Michael C. Dix1, Timothy Pearce2, and Steve Jones3
1 Halliburton - Sperry Drilling Services, Houston, TX
2 Chemostrat Ltd, Llanfyllin, United Kingdom
3 X-ray Mineral Services Ltd, Colwyn Bay, United Kingdom

Obtaining practical, rock-based information from wells that are not cored is increasingly important to drilling programs worldwide. Analyses of core have traditionally provided benchmark determinations for lithology, mineralogy, sedimentary facies, and reservoir quality; results of core analyses are then used to calibrate petrophysical logs, and as primary input to digital reservoir models. In uncored wells, log data becomes the primary information source, supplemented by simplistic and often subjective lithology determinations from cuttings. Furthermore, drilling advances such as fixed-cutter (PDC) bits alter or obliterate rock textures in cuttings, making visual lithological identifications even more challenging. Clearly, innovations are required to glean as much objective geological information as possible from cuttings.

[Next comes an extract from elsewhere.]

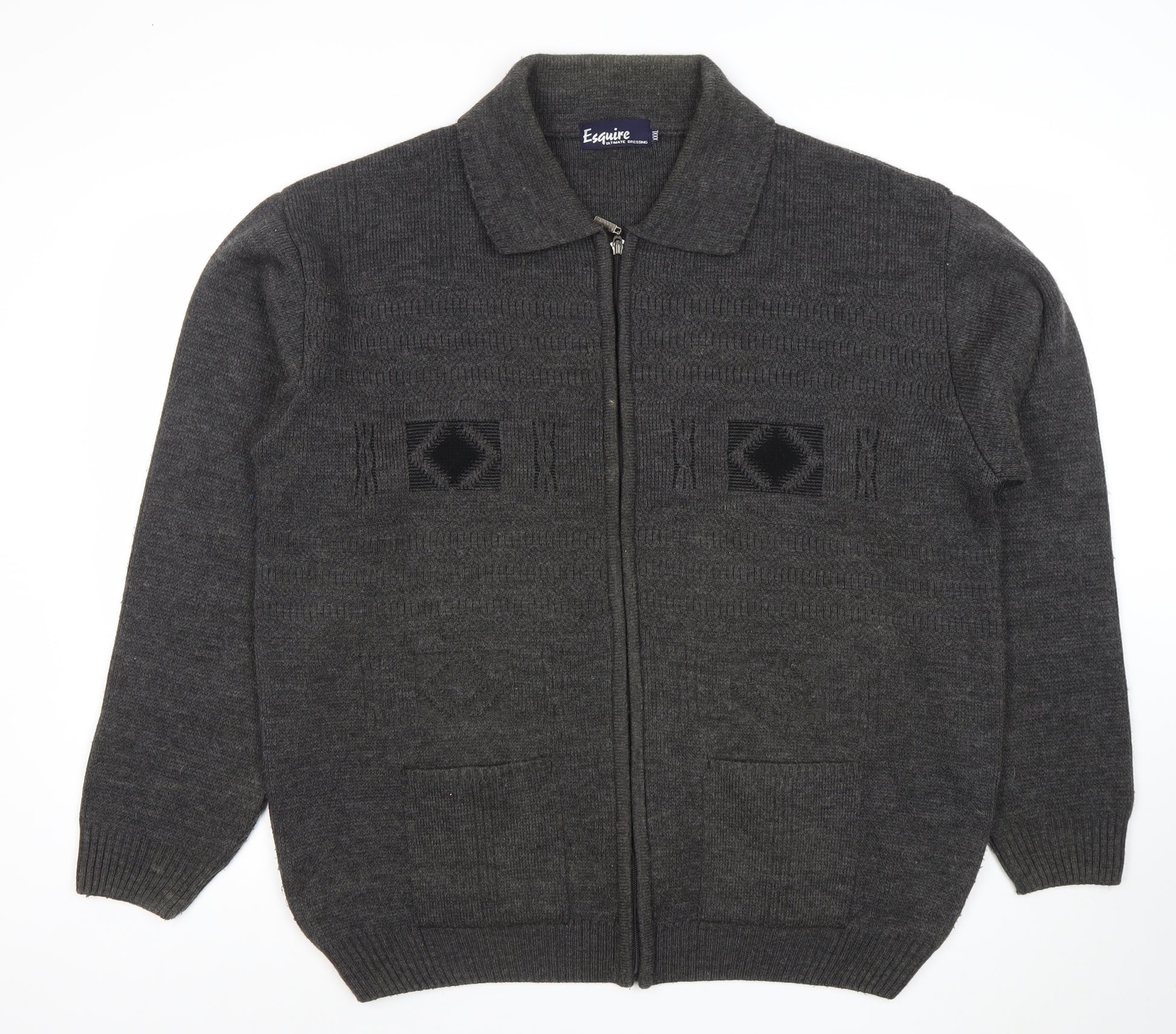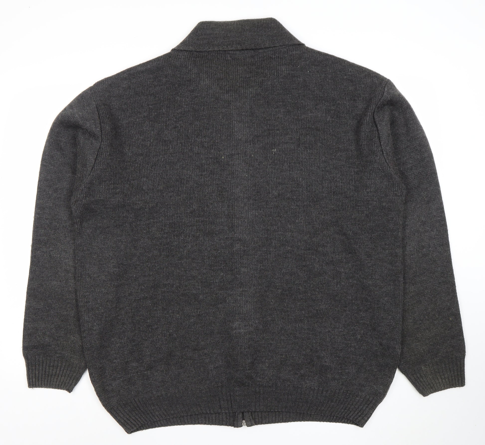 Men's Grey 3XL Full Zip Knit Jumper Collared Classic Style

One promising technique is the modeling of lithology and mineralogy from whole-rock elemental analyses, which are insensitive to destruction of rock texture. As a first test of this approach, we collected elemental (ICP and XRF) and mineralogical (enhanced XRD) data on several sets of core samples from carbonate-evaporite reservoirs. Improved XRD sample preparation and peak-modeling capabilities allowed more precise quantification of Mg-calcites, which is correlated to MgO measurements from elemental analysis. This resulted in better modeling of calcite and dolomite contents from elemental data. Anhydrite can be readily modeled from SO3, silt and clay content can be modeled from SiO2, Al2O3, TiO2, and K2O, and minor phases such as Fe2O3, MnO, P2O5, Cl, Sr, and Y provide additional constraints on mineralogy. Better mineralogical determinations are obviously valuable for matrix-density and porosity calculations from petrophysical logs, and for evaluation of gamma-ray response. In addition, since field-wide chemostratigraphic units in carbonates vary in their origin (depositional, diagenetic, or polygenetic), mineralogical constraints can aid in interpreting the zonation.